August 29, 2003

Game studies in the Monitor

from Grand Text Auto
by @ 7:47 pm

The Christian Science Monitor ran an article about game studies today. Besides quotes from some usual defenders of game studies, including Janet Murray, Celia Pearce and James Gee (who was featured in the recent Chronical of Higher Education chat on games), the article includes representatives of the academy who think game studies is bunk:

“It’s just another concession to the customer. Kids have grown up playing Nintendo. They don’t read because they don’t know how to read – they don’t cultivate the imagination…. They need to be put through the intellectual rigors of a traditional format for education.

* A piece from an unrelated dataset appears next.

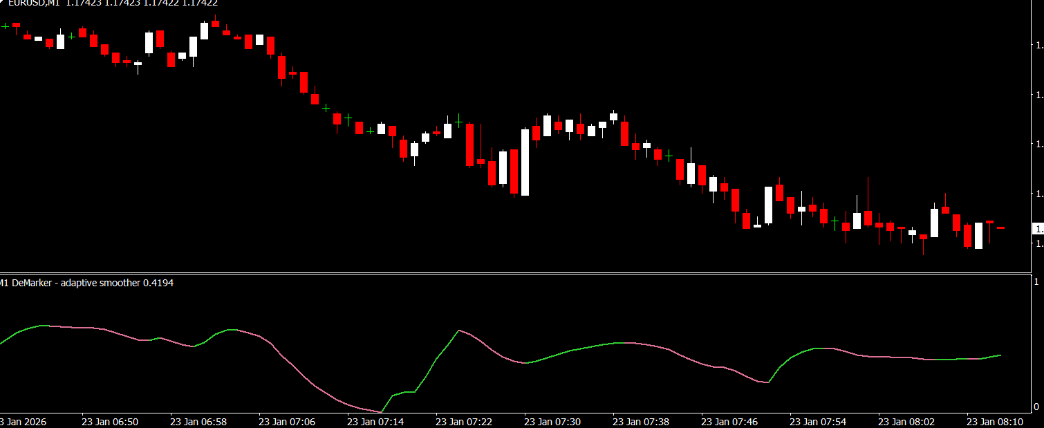 Unlike a standard DeMarker, this version adapts to market volatility. During volatile conditions, smoothing is adjusted to reduce noise, while during steady trends, signals remain responsive to market changes.
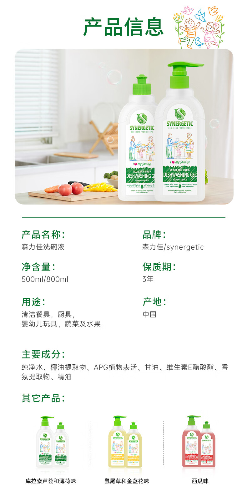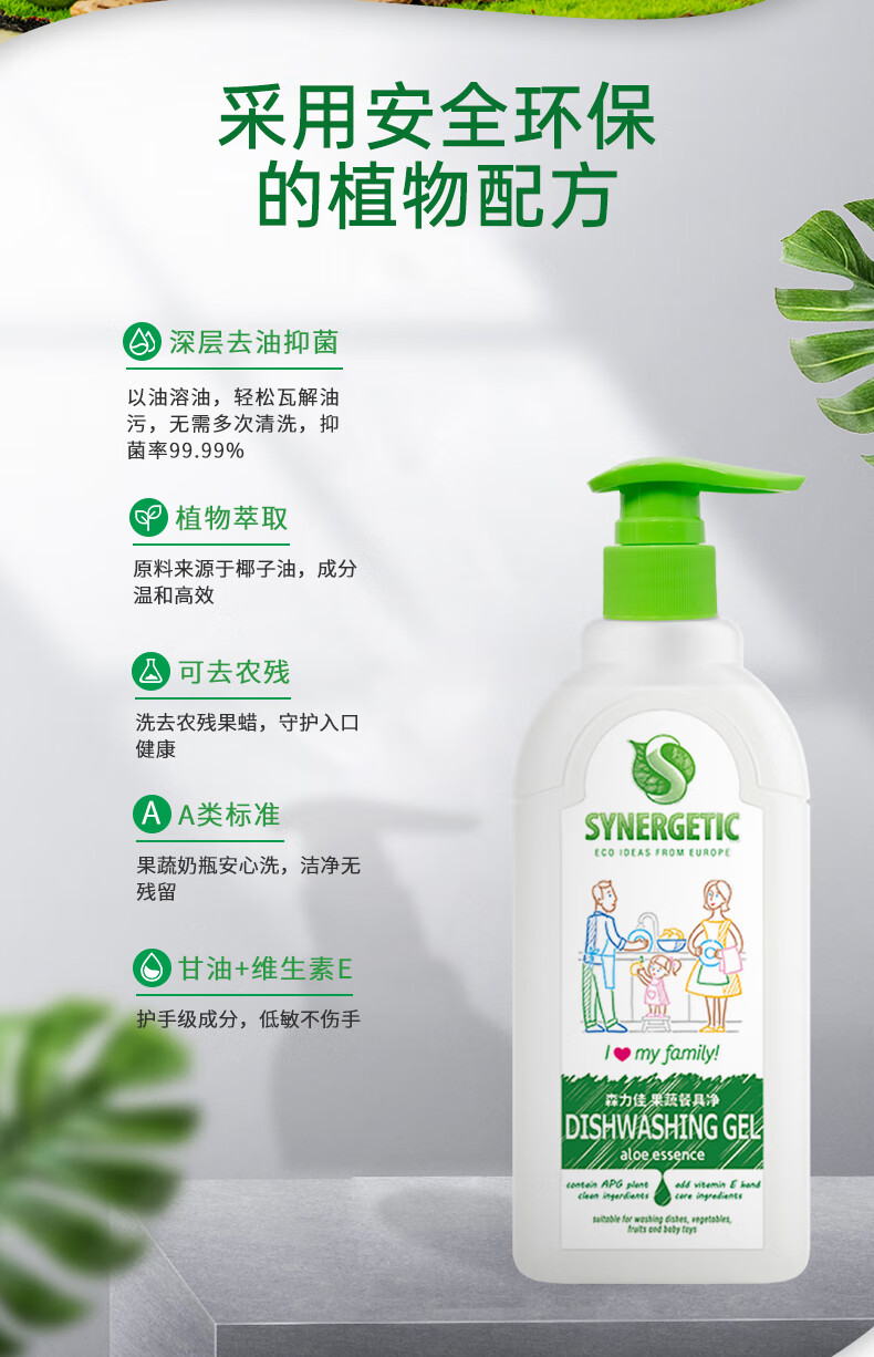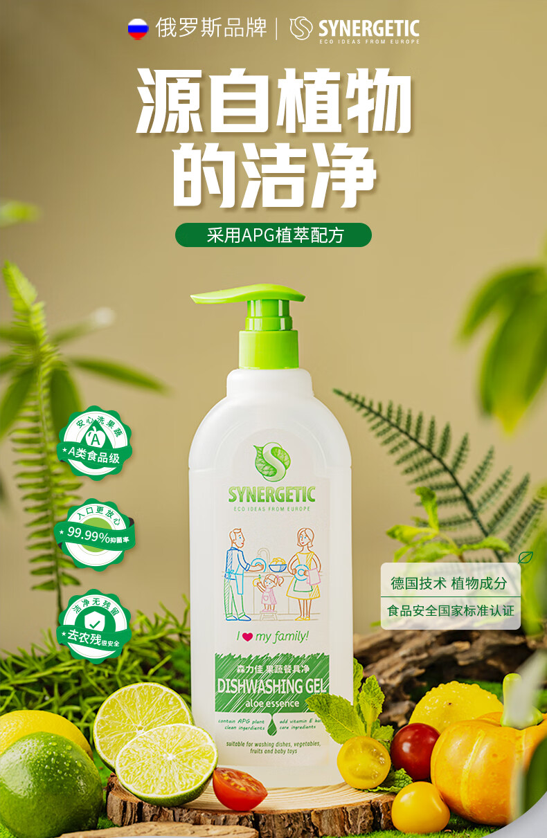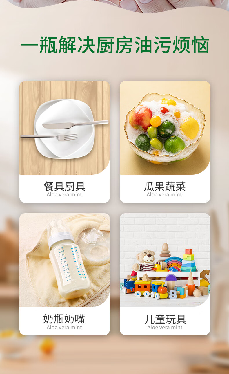森力佳洗洁精食品级洗涤剂果蔬清洗婴幼儿奶瓶清洁洗碗深层去油污不伤手 芦荟与薄荷500ml

Video games are just an easy way to avoid it.” – Edward Smith, director of American Studies at American University

August 28, 2003

Have fun while learning to protect your privacy

from Grand Text Auto
by @ 11:47 am

While commuting in today there was radio news story about Carabella Goes to College, an edugame designed to teach new college students (presumably straying from the safety of the nest for the first time) to protect themselves from the dangers of a prying world:

Players of Carabella Goes to College experience a college-bound girl’s first week of school, when she has to make routine choices that determine whether she will be beset by identity thieves, aggressive marketers and hungry profiling software.

Players earn points by making decisions balancing privacy and convenience.

Full story available at Wired News.

August 27, 2003

Game studies hits the academic mainstream

from Grand Text Auto
by @ 12:49 pm

The Chronicle of Higher Education is hosting an online chat on video games in the classroom today at 2:00pm EST. They are asking the questions:

Are video games a valid academic field of research? Will video games one day become a teaching tool in the classroom, alongside textbooks and other traditional media? Or are video games yet another distraction leading students and instructors away from quiet, concentrated study and time-honored teaching methods?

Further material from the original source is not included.